Ottawa resident Carla Hortega remembers what life was like prior to using medically prescribed marijuana.
With the pain from fibromyalgia, she couldn't get out of bed.
The pain medications she was taking weren't helping. They made her feel more and more like a zombie.
"I'd take a broom and bang it on the wall when I needed someone to bring me something from bed, that's how bad it got," Hortega said. "After I started using marijuana, it changed my life for the better."
Crediting the daily doses for suppressing her pain and improving her mood, she has since earned a degree in complementary and alternative health.
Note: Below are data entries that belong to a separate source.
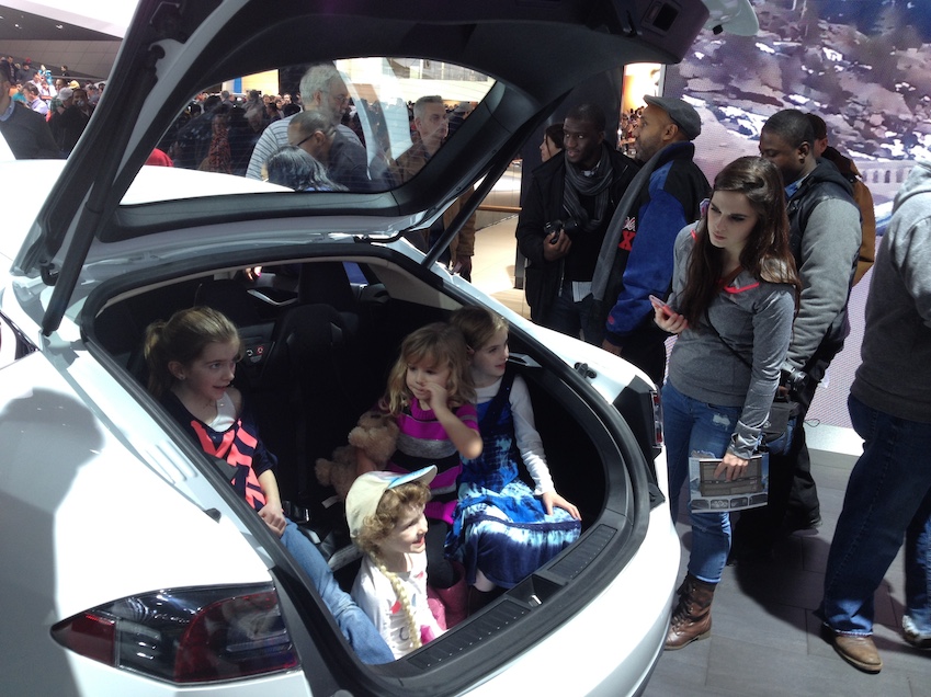 I visited the Detroit International Show on the final day, a Sunday, and I was surprised by how big it was. I had lunch in Greektown and gambled a little bit at the Greektown Casino where parking is much cheaper. I then took the People Mover — Detroit’s monorail — to the COBO Center, the city’s very modern and massive venue for special events. As I took the escalators down to the concourses, I soon encountered large crowds of all ages. This was great news for Detroit’s economy, though a staff worker told me the day before was the busiest of the entire show.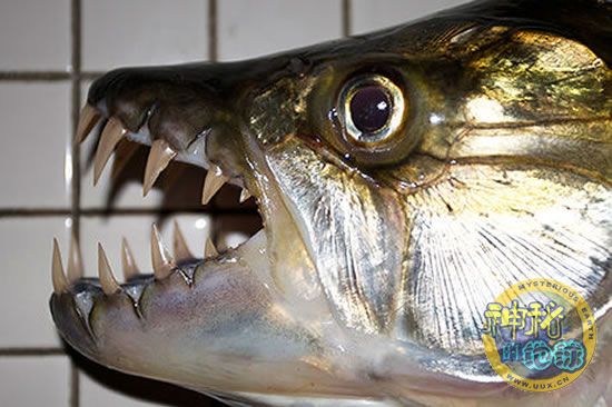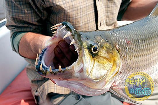 巨大老虎鱼是在刚果河中发现的一种魔鬼鱼,样子非常可怕。它有流线形的体形,分叉的尾鳍。它因其可怕的单排排列在唇周围的牙齿而得名,这些牙齿长而锋利,当上下颌并拢,上颌齿和下颌齿相互交错,但吻合整齐,靠近眼睛的鼻孔覆盖着一个象阀门的膜。它在水中游泳的速度非常快,捕食其他鱼类,它最大的个体可达68公斤,其肉白色好吃,但里面有许多讨厌的小骨刺。这种鱼是容易上钩的垂钓鱼。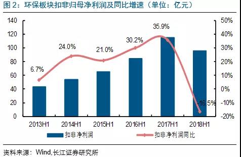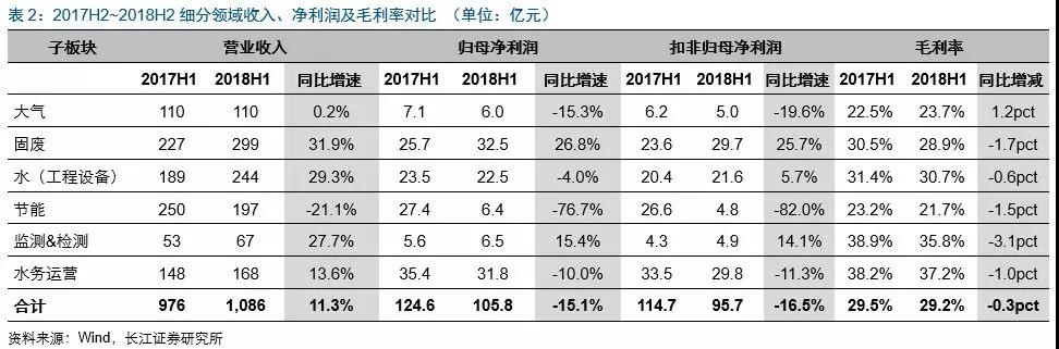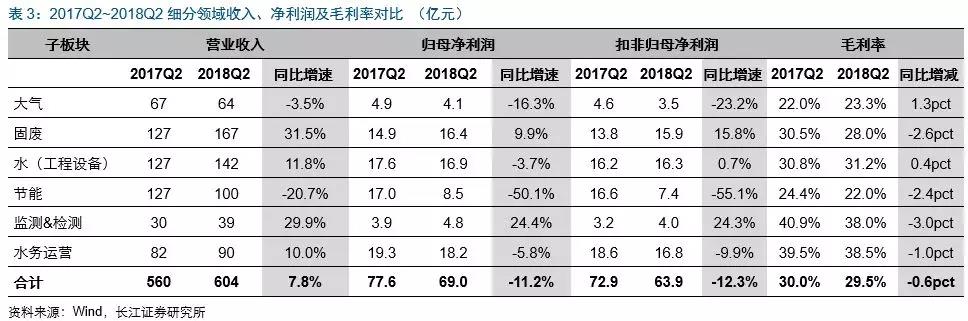 2018Q2環(huán)保板塊營(yíng)收604億元,同比增7.8%;歸母凈利潤(rùn)69億元,同比減11.2%;扣非歸母凈利63.9億元,同比降12.3%;毛利率同比降0.6pct至29.5%。營(yíng)收增速排序分別為固廢(31.5%)、檢測(cè)&監(jiān)測(cè)(29.9%)、水(工程設(shè)備)(11.8%)、水務(wù)運(yùn)營(yíng)(10%)、大氣(-3.5%)及節(jié)能(-20.7%);扣非歸母凈利增速排序?yàn)楸O(jiān)測(cè)&檢測(cè)(24.3%)、固廢(15.8%)、水(工程設(shè)備)(0.7%)、水務(wù)運(yùn)營(yíng)(-9.9%)、大氣(-23.2%)及節(jié)能(-55.1%)。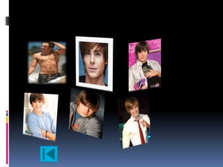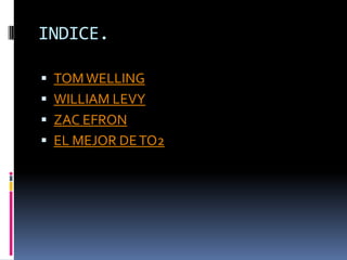 Este documento presenta información biográfica y fotografías de cuatro atractivos actores: Tom Welling, conocido por su papel en Smallville; William Levy, actor y exmodelo cubano; Zac Efron, famoso por High School Musical; y el dios Eolo de la mitología griega, quien recientemente ha sido visto en México.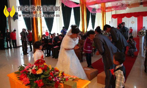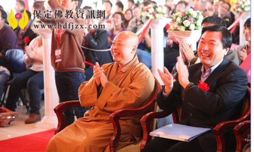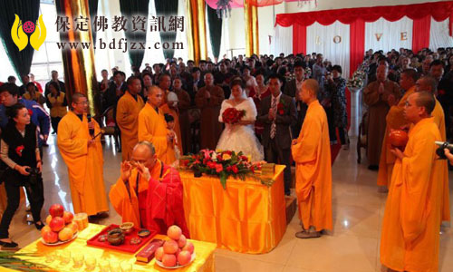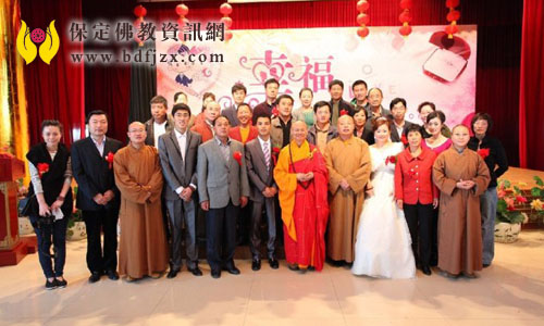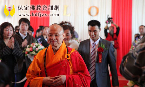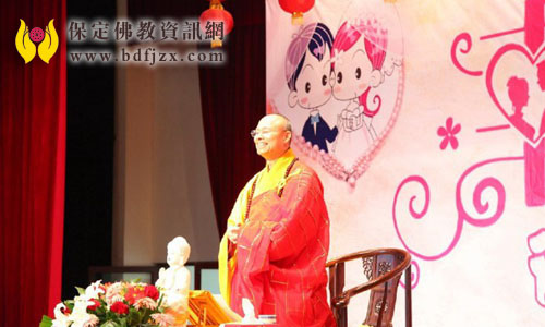 心定大和尚对新人表示了祝福,祈求佛菩萨保佑新人婚姻幸福美满。心定大和尚首先用星云大师著作的题目勉励新人,分别是《心甘情愿》、《皆大欢喜》以及《传灯》。鼓励大家要常常以感恩的心想到父母,亲戚朋友,工作同仁,如果需要关心帮忙要主动去做,让双方的父母,亲戚朋友,工作同仁都能够感觉到家庭的幸福快乐,这就是皆大欢喜,《传灯》则是把佛教的真理代代相传,以德传家,孝顺,报恩,对人尊重和谐,要慈言爱语,存好心,说好话,做好事,常常以爱的眼神关怀对方,相互要尊重,赞美,学会沟通,倾诉,鼓励,最重要的是要有感恩的心,每一个人都要靠父母养育,师长教导,受到很多人的恩惠,感恩父母,师长,国家,要懂得回报。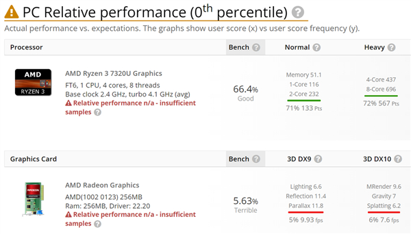 经查,在Userbenchmark中出现了名为锐龙3 7320U的芯片,乍一看,兴冲冲地以为是锐龙7000笔记本处理器,事实却并非如此。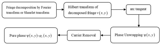 With the obtained fringe in Equation (4) or Equation (6), the phase distribution with carrier is calculated as follows: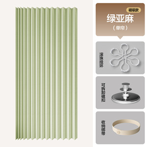 【両面マグネット吸着】グリーン折りたたみシングルカーテン+シルバーボールフック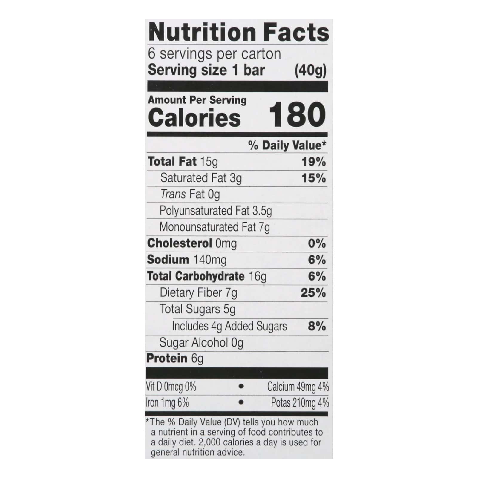 5 g sugar. 6 g protein. 0 g trans fat. 15 g fat per bar. Gluten free. Dairy free. Low sodium. Low glycemic index. No sugar alcohols. High in fiber. No genetically engineered ingredients. No. 1 ingredient heart healthy almonds. Ingredients you can see & pronounce. Now with 6 bars. Kind Dark Chocolate Nuts & Sea Salt took us two years to develop because we’re obsessed with using as little sugar as possible without artificial sweeteners or sugar alcohols. Made with delicious, premium ingredients, it’s now our top seller, and we continue to obsess over every batch! 59% nuts. Do the kind thing for your body, your taste buds & your world. Welcome to the Kind community! Here at Kind, we think a little differently. Instead of or we say and. We choose healthy and tasty, convenient and wholesome, economically sustainable and socially impactful. From the snacks and foods we make, to the way we work, live, and give back, our goal is to make Kind not just a brand, but also a state of mind and community to make the world a little kinder. – Kindly yours, Daniel Lubetzky, Kind Founder. kindsnacks.com. Tell us your favorites & join the conversation: Instagram. Twitter. Facebook. (at)kindsnacks. Learn more at kindsnacks.com. Recycle this carton. FSC: Recycled board. Made in USA with domestic and imported ingredients.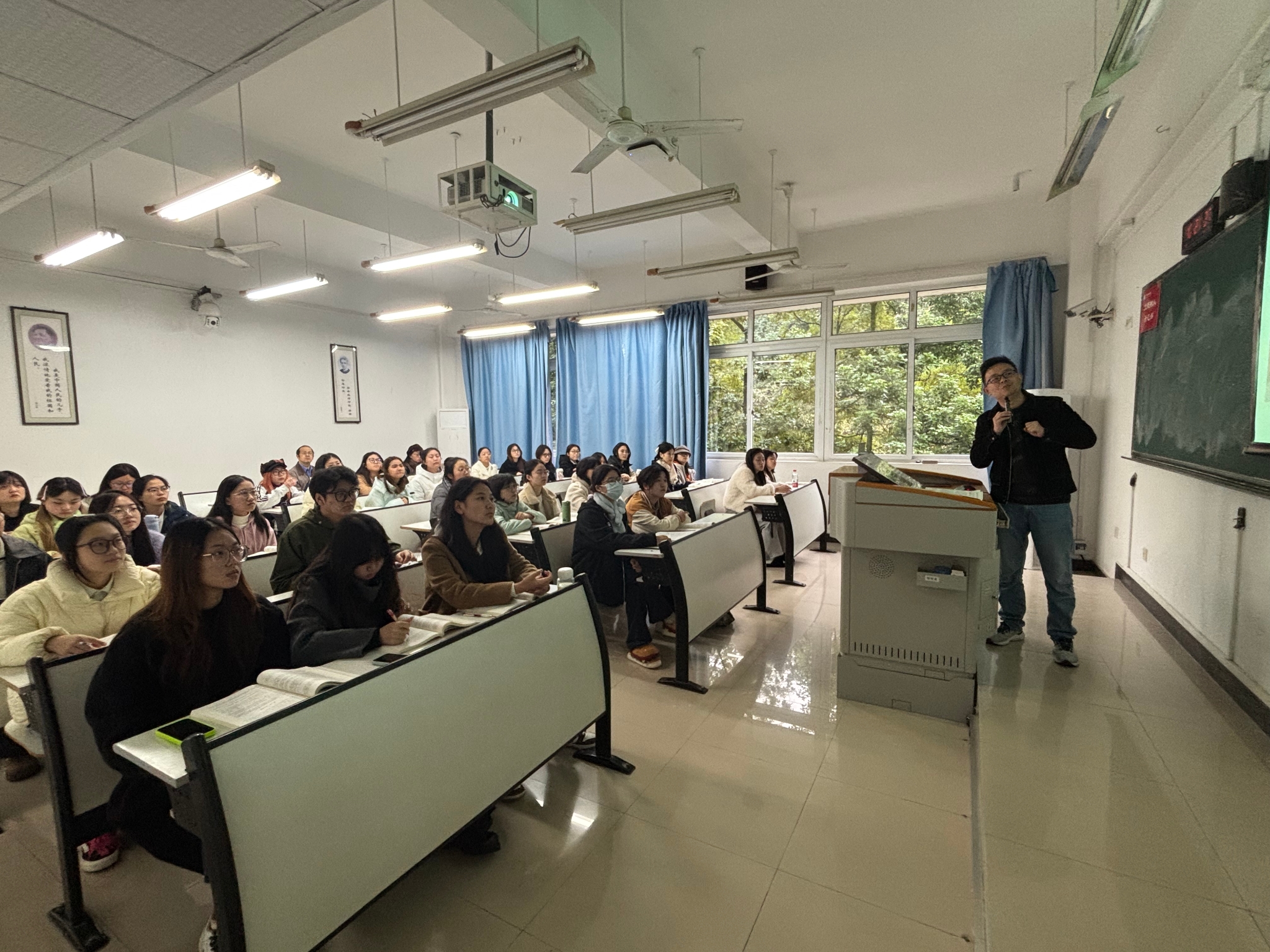 2025年11月19日,由广电系系主任谈华伟主讲的以本学期第二堂“立德树人”示范课在慧智楼90402教室进行。公司副经理郑笑眉、荣婷、教师代表邵茹波、朱洁到场观摩。
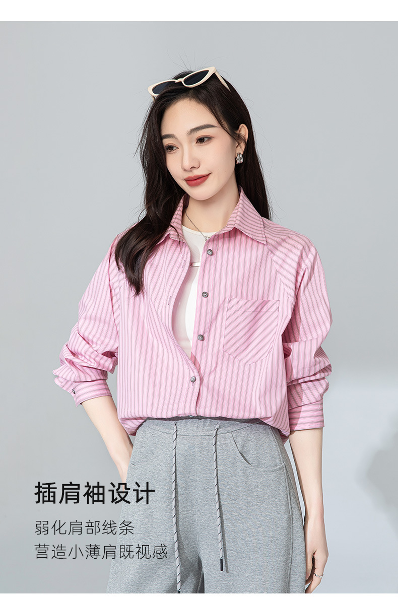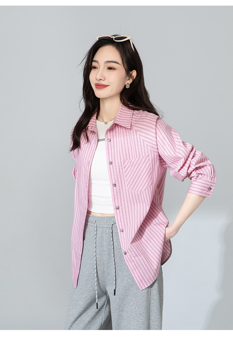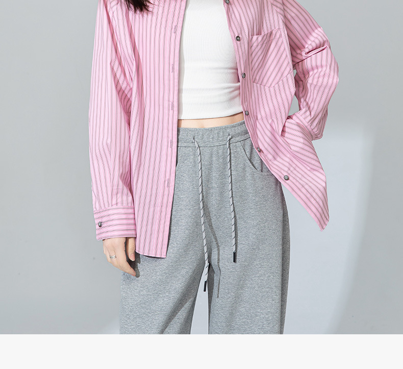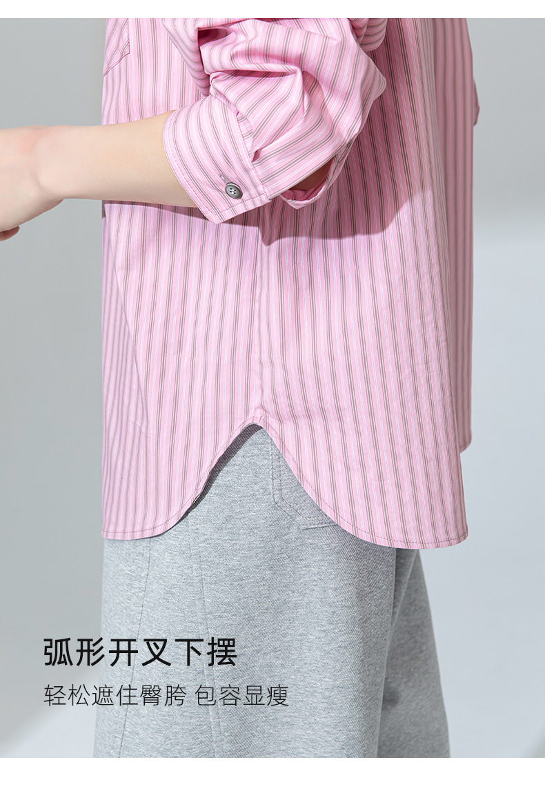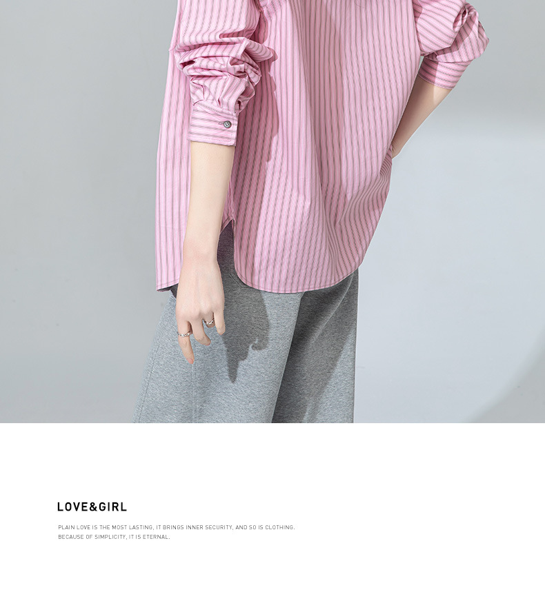 Xinge 이른 봄 셔츠 코트 여성의 새로운 디자인 센스 니쉬 핑크 스트라이프 스택 온 느슨한 게으른 스타일 긴팔 탑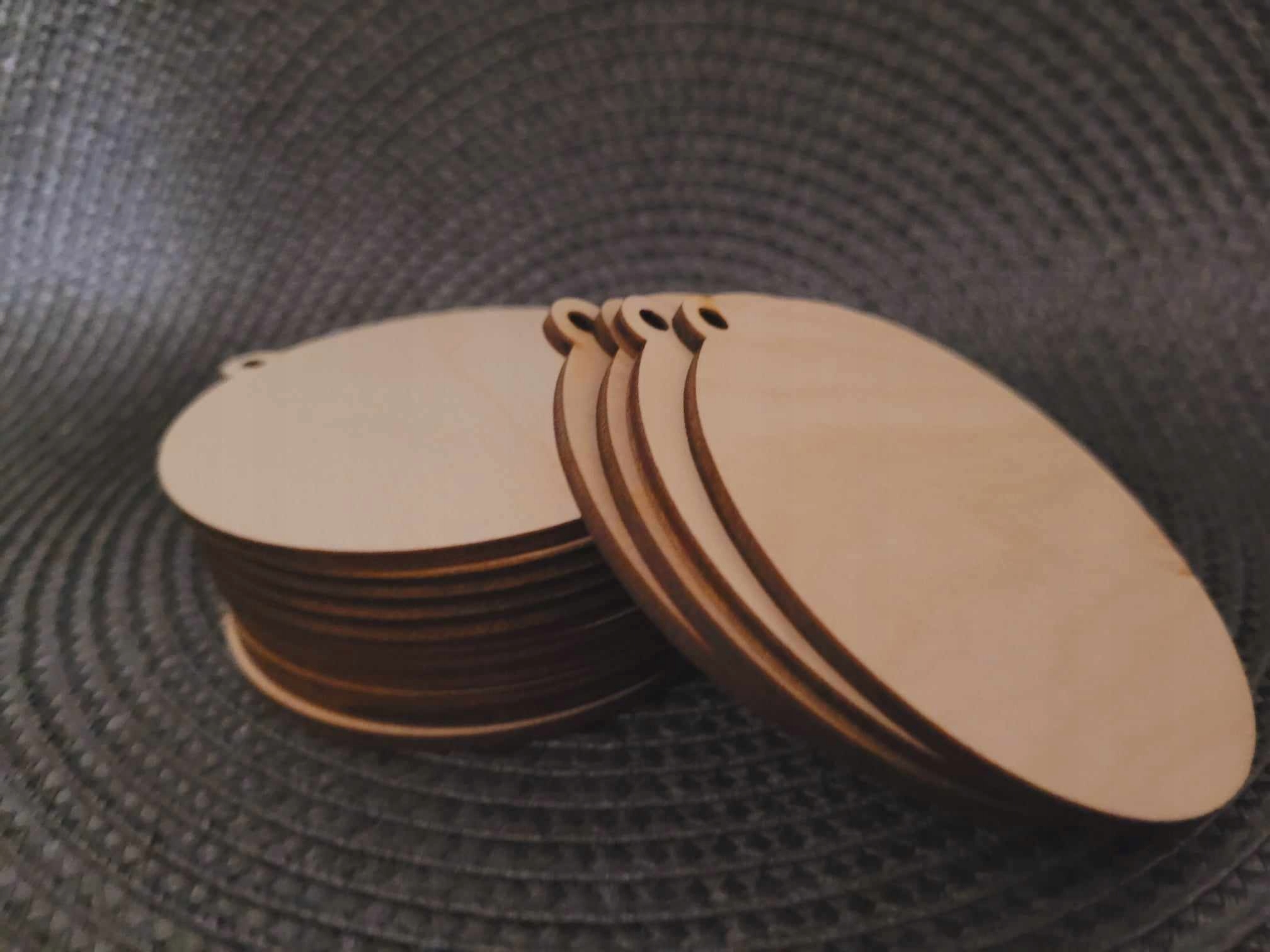 Zawieszki wycinane laserowo ze sklejki w I gatunku o grubości 3mm.

In 20 days, recreational marijuana will be legal in Illinois.
Long lines are expected as soon as Jan. 1 outside marijuana dispensaries, including the Verilife dispensary in Ottawa, as demand is expected to grow from 80,000 medical marijuana patients in Illinois to about 750,000 recreational consumers.
The Ottawa store has served medical marijuana patients, such as Hortega, since it opened in November 2015. The state has given the store the go ahead at the first of the year to sell recreational marijuana as well.
Cannabis patient advocate and wellness specialist Kalee Hooghkirk, of Full Spektrum Services, is worried dispensaries will run out of products needed to treat medical conditions from the increased demand of new recreational users.
"Already in the last two months, we've seen shortages across the state," she said as dispensaries prepare for recreational use.
Medical marijuana differs from recreational use in many ways, specifically because it is tailored to an individual.
Hortega said there are different strains of marijuana — ones designed for daytime or evening uses — as well as options, such as edibles and creams, to go along with smoking materials.
"There's a lot to choose from, and patients know what works best for them," Hortega said. "There's a little bit of a worry that certain varieties will run out on them."
While Verilife sent an email to medical marijuana patients saying they can avoid lines by traveling 90 minutes to its Arlington Heights dispensary, which is only allowed to sell medical marijuana, Verilife officials do not expect patients to have any issues in Ottawa.
A Verilife spokesman said the state statute is clear both cultivators and dispensaries must prioritize medical patients by ensuring the same array and quantity of marijuana products available before Jan. 1.
"We anticipate ensuring a smooth purchasing process for patients — no lines, no taxes, and no shortages," said Jeremy Unruh, of Verilife. "Our program was premised on bringing relief to those Illinois patients who need it most, and for whom traditional medicine isn't working as anticipated. The adult use law may have expanded accessibility, but it didn't cure cancer or abolish epilepsy. Our first responsibility will always be to our medical patients. That, you can take to the bank."
The state also enacted standards saying dispensaries can only sell recreational marijuana bought after Dec. 1.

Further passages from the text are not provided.